= R. M. Vasagam =

Indian space scientist (1943–2025)

Ramaswamy Manicka Vasagam (1943 – 14 February 2025) was an Indian space scientist and a specialist in space systems including satellites and launch vehicles. In his career spanning close to three decades in the Indian Space Research Organisation, he held responsibilities including the Project Director for Ariane Passenger Payload Experiment— India's first indigenous geostationary communication satellite project, and later the Director of the Advanced Technology and Planning at the ISRO Headquarters. He was later the Vice Chancellor of Anna University and was until his death the Chancellor of Dr. M.G.R. Educational and Research Institute.

Vasagam was also the Project Director for India's first low-earth orbit earth observation satellite Bhaskara.

== Background ==
Vasagam was born in 1943. After graduating from PSG College of Technology in 1963, he completed his Master of Engineering in Electrical Engineering from Indian Institute of Technology Madras in 1965.
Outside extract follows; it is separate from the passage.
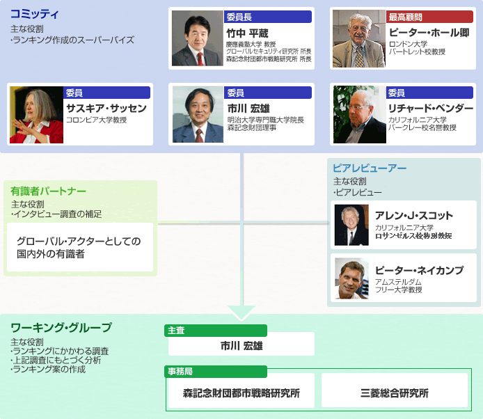 調査・研究の推進にあたり、都市評価に関する世界的権威であるピーターホール卿をはじめとする学識者や各界の識者等が参画し、さらに第三者のピアレビュー(専門家による評価)を受け、ランキングに客観性を保つようにしています。
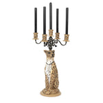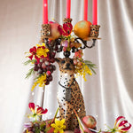 Making a bold impression in any room of the house, the Proudly Crowned Panther Candle Holder is brimming with playful character. Made from a combination of electroplated iron and painted resin, this panther exudes a majestic sense of power. A five-armed chandelier sits atop the panther’s head like an elegant crown, displaying your choice of colourful or white candlesticks.

Vasagam died on 14 February 2025.

== Career ==
Vasagam joined India's space programme in 1965 while it was still Indian National Committee for Space Research. While at ISRO, he worked across functions including launch, planning and evaluation group, control systems, satellite centre and advanced technology and planning. He was the Project Director for India's first indigenous geostationary communication satellite project, APPLE during 1977–1983. In 1994, he took over as the Director, Directorate of Advanced Technology and Planning, ISRO Headquarters, Bangalore.

During 1996–1999, he was the Vice Chancellor of Anna University, Chennai. He was later the Chairman of Tamil Nadu Institute of Information Technology Chennai (June 1999 – October 2001), and Director (IT) at Karunya Institute of Technology and Sciences, Coimbatore. He also held the post of Vice Chancellor (June 2003 – April 2006) and Pro-Chancellor (April 2006 – September 2008) at Dr. M.G.R. Educational and Research Institute. Vasagam was the Chancellor, Dr. M.G.R. Educational and Research Institute, Chennai.

His other areas of interest included self-reliance in space systems, reusable launch vehicles and serviceable satellites.

== Awards ==
- Hari Om Ashram Prerit Vikram Sarabhai Research Award, 1981, by PRL, Department of Space, Govt. of India.
- Padma Shri, 1982 by the Govt. of India.
- IEEE Centennial Medal, Bangalore Section, 1984 IEEE.